Alex Harvey a été aussi bon devant les médias qu'incisif sur la piste. À fin de la conférence de presse, un membre de l'équipe américaine, manifestement d'origine européenne, a pris la peine de le féliciter pour la qualité de ses propos. «Tu as fait plus pour le sport aujourd'hui qu'on l'a fait pendant des années», a-t-il dit au nouveau champion du monde, hier après-midi, à Oslo.

Harvey dégageait une assurance peu commune pour un athlète de 22 ans. L'animateur de la conférence, un peu maladroit, a même senti le besoin de lui poser cette question: «Respectez-vous vos rivaux norvégiens, Petter Northug et Ola Vigen Hattestad?»

«Je respecte mes adversaires, mais je n'ai peur de personne, a répondu Harvey sans crâner. Dans ma vie, il n'y a personne que je n'ai pas battu dans une course. Je dois donc juste m'assurer que je les bats tous en même temps... Aujourd'hui, c'était la première fois, et j'espère qu'il y en aura d'autres. Mais je respecte les Norvégiens. Ce sont des skieurs fantastiques. Ils ont accompli beaucoup plus de choses que moi. D'aucune façon je ne peux me comparer à eux.»

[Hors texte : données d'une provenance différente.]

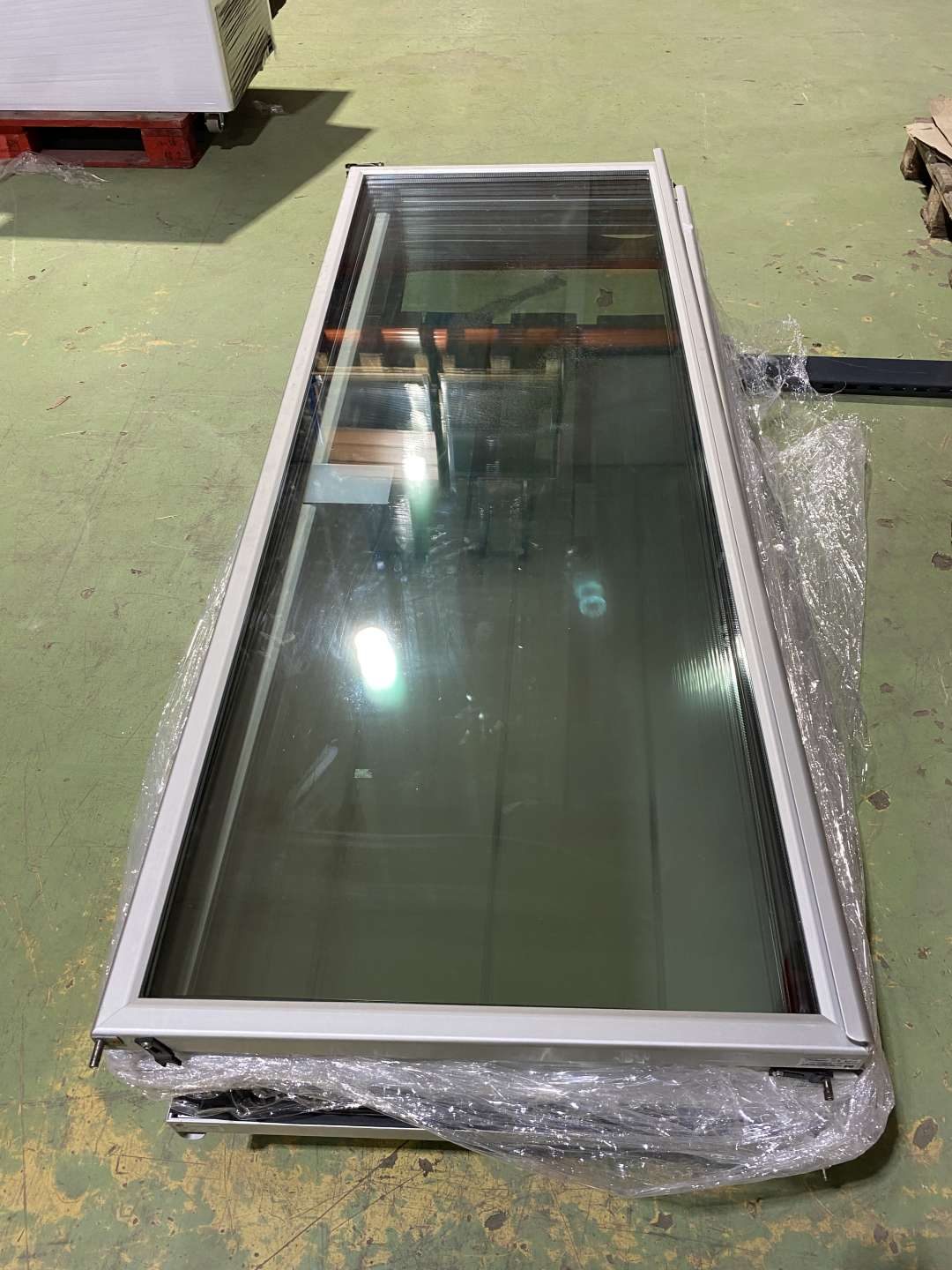 5 ajtós szendvicspanelbe, vagy falba építhető alumínium keret CISAPLAST alumíniumtokos thermoajtóval. Dupla üvegezés, masszív, újszerű állapot. Beépíthető kereten vertikális világítás fénycsövek részére.

La victoire des Canadiens a été finement planifiée. Tout a fonctionné... sauf quand Devon Kershaw a perdu un ski dans les premiers mètres de la demi-finale. «Oh! mon dieu, je pensais que j'avais tout bousillé...» Après un instant de panique, l'Ontarien a pu récupérer son ski et éventuellement recoller au peloton.

En finale, Harvey a imposé un tempo suffisamment élevé pour saper les énergies de ses rivaux, spécialistes de la dernière ligne droite. Le Suédois Emil Jönsson, entre autres, l'a payé comptant. Au dernier échange, Kershaw s'est assuré de laisser passer Northug au deuxième rang. Ainsi, Harvey pouvait profiter du travail d'Hattestad, qui a jeté beaucoup d'énergie pour recoller au Finlandais Ville Nousiainen, qui filait seul en tête.

À l'avant-dernier virage, tout le monde a retenu son souffle quand Hattestad s'est rabattu sur Harvey. Puis, Nousiainen a tenté de lui faire l'intérieur. Le Québécois n'a jamais paniqué. Il avait répété le scénario des dizaines de fois la semaine précédente à l'entraînement. Il voulait être deuxième dans le dernier virage. De cette façon, il profiterait de l'aspiration et de l'effet catapulte de la dernière petite descente.

Quand il a fondu sur Hattestad, l'essentiel du travail était accompli. «Je savais que j'avais vraiment de la vitesse. Je l'ai senti commencer à faiblir...»

La victoire était d'autant plus savoureuse qu'elle survenait en classique, l'essence du ski de fond et la spécialité des Norvégiens.

Avait-il rêvé de ce moment? «Tu dois rêver, a répondu Harvey. Tu dois avoir de grands rêves si tu veux réussir de bonnes choses dans la vie. Bien sûr, je savais qu'on pouvait gagner. Oui, je suis surpris, mais ce n'est pas comme si je suis en état de choc. Je savais que ça pouvait arriver.»

La victoire d'Alex Harvey est aussi celle de son entraîneur, Louis Bouchard. Celui-ci était posté dans les bois pendant la course. Il a vu le dernier sprint de son protégé sur le téléviseur d'un spectateur.

Quand il a répondu au cellulaire, quelques minutes plus tard, il avait la voix éraillée de quelqu'un qui avait trop crié: «Incroyable!» Bouchard se félicitait de la décision, délicate, de ne pas avoir inscrit Harvey et Kershaw au 15 kilomètres de la veille. «On a tu bien fait...»

Quand on l'a rappelé, il était passé 22 h. Avec le reste du staff, le coach fêtait la médaille d'or quelque part dans un bar du centre-ville. Il a pu parler une minute avant que la pile de son téléphone ne se décharge complètement

«C'est extraordinaire, ça n'a pas de bon sens», a dit Bouchard, qui travaille avec Harvey depuis 2003. «Surtout ici, en Norvège. Il n'y a pas de meilleur timing. Sais-tu c'est quoi le prochain timing? Quand il va gagner une Coupe du monde au Québec. Il est temps qu'il y ait une Coupe du monde au Québec au lieu qu'Alex et moi, on vive ça ici.»